_What is being asked_:
Copy, word for word, the opening line of the data and each line after it until the line that contains "Quote On Card: TO", which is included. Leave the pictures out.

_Data extract_:
>>>

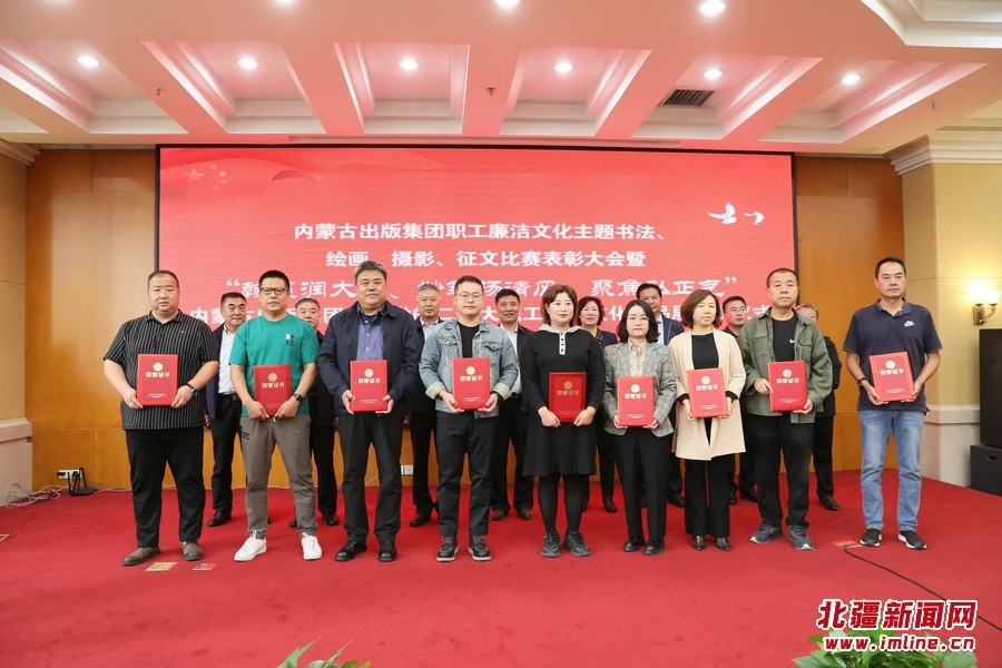 北疆新聞網(wǎng)、北疆新聞APP、北疆云消息(記者 張楊)9月22日,內(nèi)蒙古出版集團(tuán)職工廉潔文化主題書(shū)法、繪畫(huà)、攝影、征文表彰大會(huì)暨“翰墨潤(rùn)大德、妙筆揚(yáng)清風(fēng)、聚焦弘正氣”內(nèi)蒙古出版集團(tuán)迎接黨的二十大職工廉潔文化作品展開(kāi)展儀式在集團(tuán)二樓舉行。自治區(qū)紀(jì)委監(jiān)委駐黨委宣傳部紀(jì)檢監(jiān)察組二級(jí)巡視員聶榮峰,集團(tuán)黨委書(shū)記、董事長(zhǎng)雙龍和出版集團(tuán)在家領(lǐng)導(dǎo)班子成員、在呼各單位班子成員、集團(tuán)總部全體、各單位獲獎(jiǎng)?wù)叽淼葏⒓颖碚么髸?huì)并觀看展出,集團(tuán)黨委副書(shū)記王富主持表彰大會(huì)。
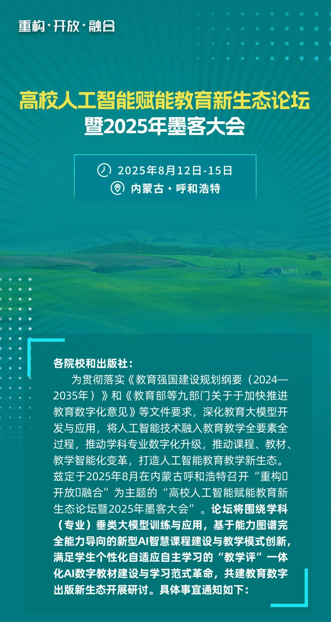 通知 | 关于召开高校人工智能赋能教育新生态论坛暨2025年墨客大会的通知
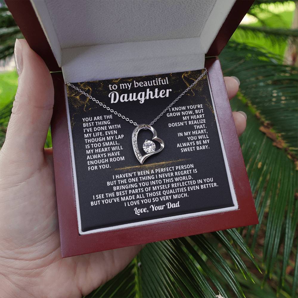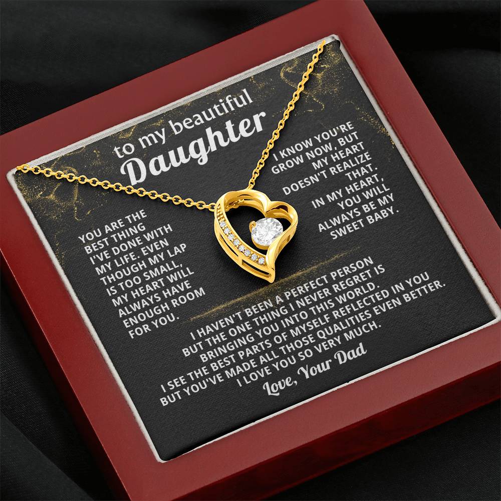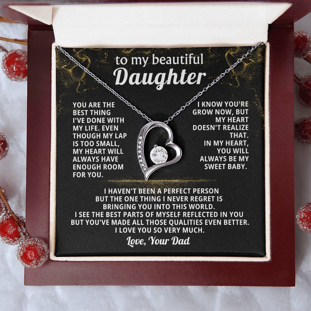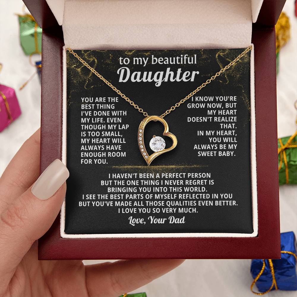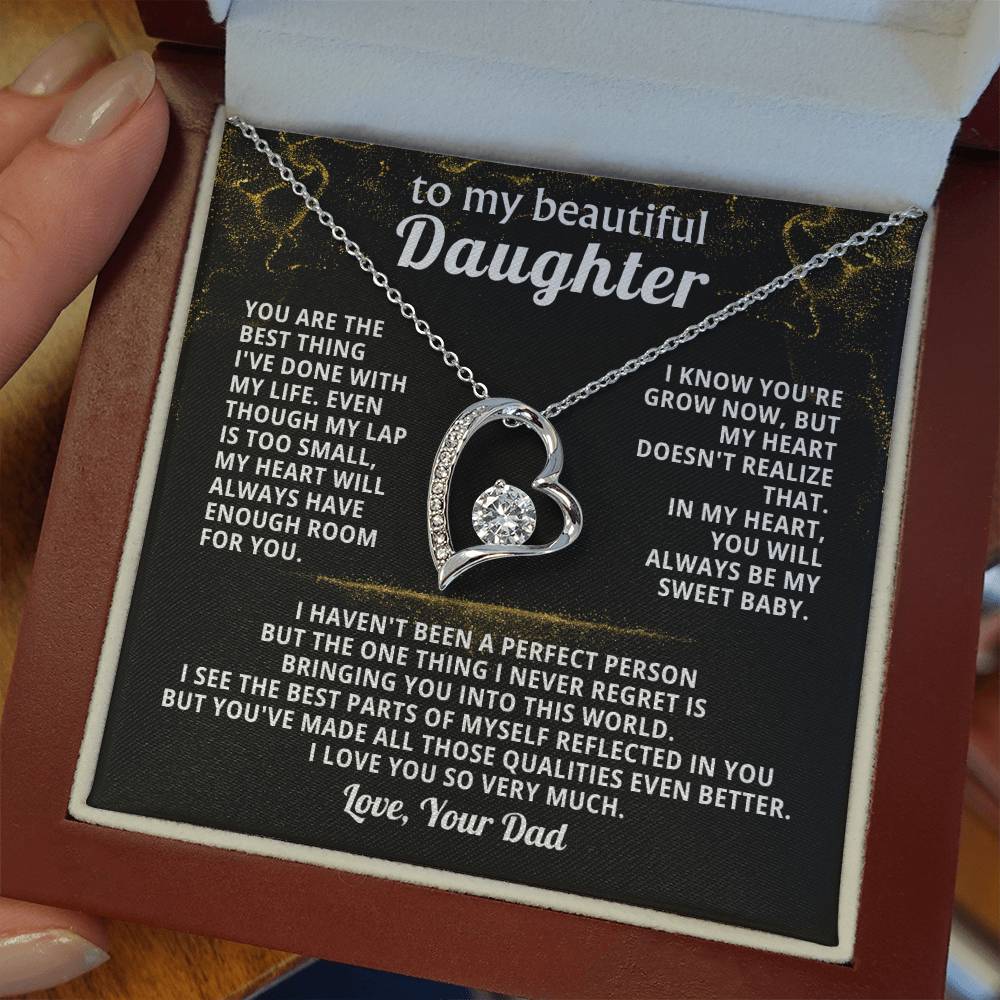 Quote On Card: TO MY BEAUTIFUL DAUGHTER, You are the best thing I've done with my life. Even though my lap is too small, my heart will always have enough room for you.My love for you is the kind that time can't erase; it will stay with you, even in the moments when I am not by your side.In my heart, you will always be my sweet baby. I haven't been a perfect person but the one thing I never regret is bringing you into this world. I see the best parts of myself reflected in you but you've made all those qualities even better. I love you so very much. Love,your dad
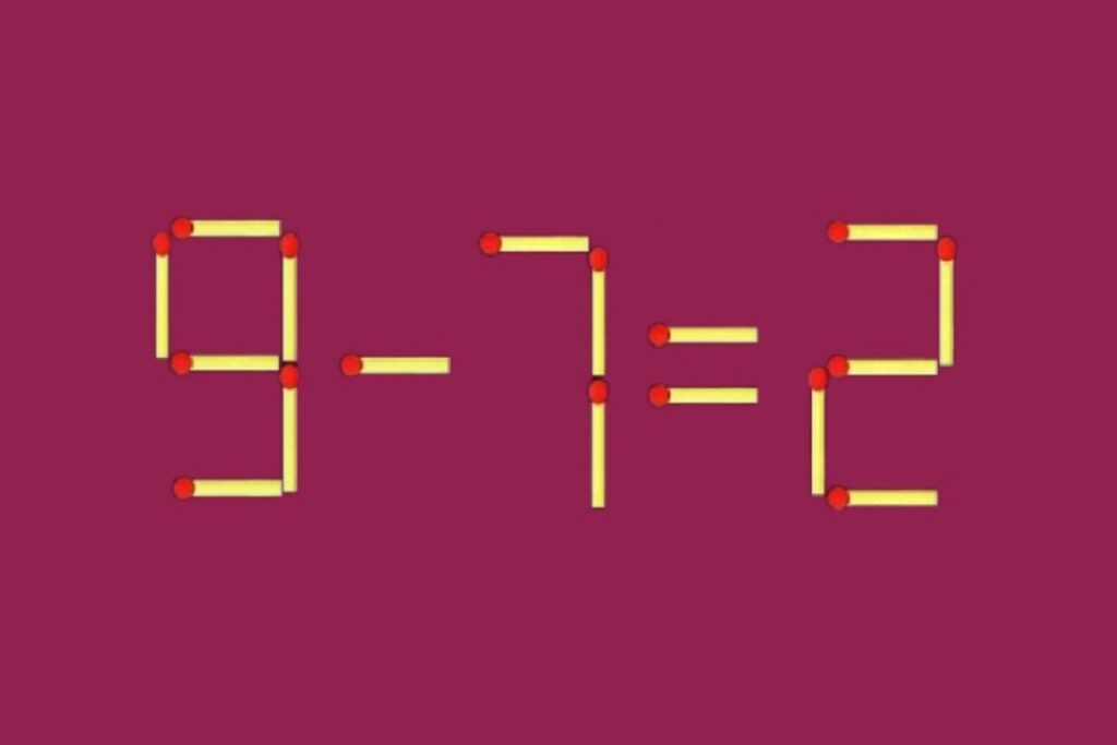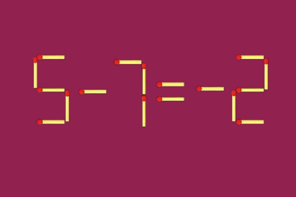 Перебрали все варианты и ничего не выходит? Тогда включайте хитрость. Сделайте из девятки пятерку, а освободившуюся спичку отправьте в ответ. Да, отрицательное число — тоже законный вариант. Получается корректная запись «5 - 7 = -2».

<<<

_Response box_:
 北疆新聞網(wǎng)、北疆新聞APP、北疆云消息(記者 張楊)9月22日,內(nèi)蒙古出版集團(tuán)職工廉潔文化主題書(shū)法、繪畫(huà)、攝影、征文表彰大會(huì)暨“翰墨潤(rùn)大德、妙筆揚(yáng)清風(fēng)、聚焦弘正氣”內(nèi)蒙古出版集團(tuán)迎接黨的二十大職工廉潔文化作品展開(kāi)展儀式在集團(tuán)二樓舉行。自治區(qū)紀(jì)委監(jiān)委駐黨委宣傳部紀(jì)檢監(jiān)察組二級(jí)巡視員聶榮峰,集團(tuán)黨委書(shū)記、董事長(zhǎng)雙龍和出版集團(tuán)在家領(lǐng)導(dǎo)班子成員、在呼各單位班子成員、集團(tuán)總部全體、各單位獲獎(jiǎng)?wù)叽淼葏⒓颖碚么髸?huì)并觀看展出,集團(tuán)黨委副書(shū)記王富主持表彰大會(huì)。
 通知 | 关于召开高校人工智能赋能教育新生态论坛暨2025年墨客大会的通知
 Quote On Card: TO MY BEAUTIFUL DAUGHTER, You are the best thing I've done with my life. Even though my lap is too small, my heart will always have enough room for you.My love for you is the kind that time can't erase; it will stay with you, even in the moments when I am not by your side.In my heart, you will always be my sweet baby. I haven't been a perfect person but the one thing I never regret is bringing you into this world. I see the best parts of myself reflected in you but you've made all those qualities even better. I love you so very much. Love,your dad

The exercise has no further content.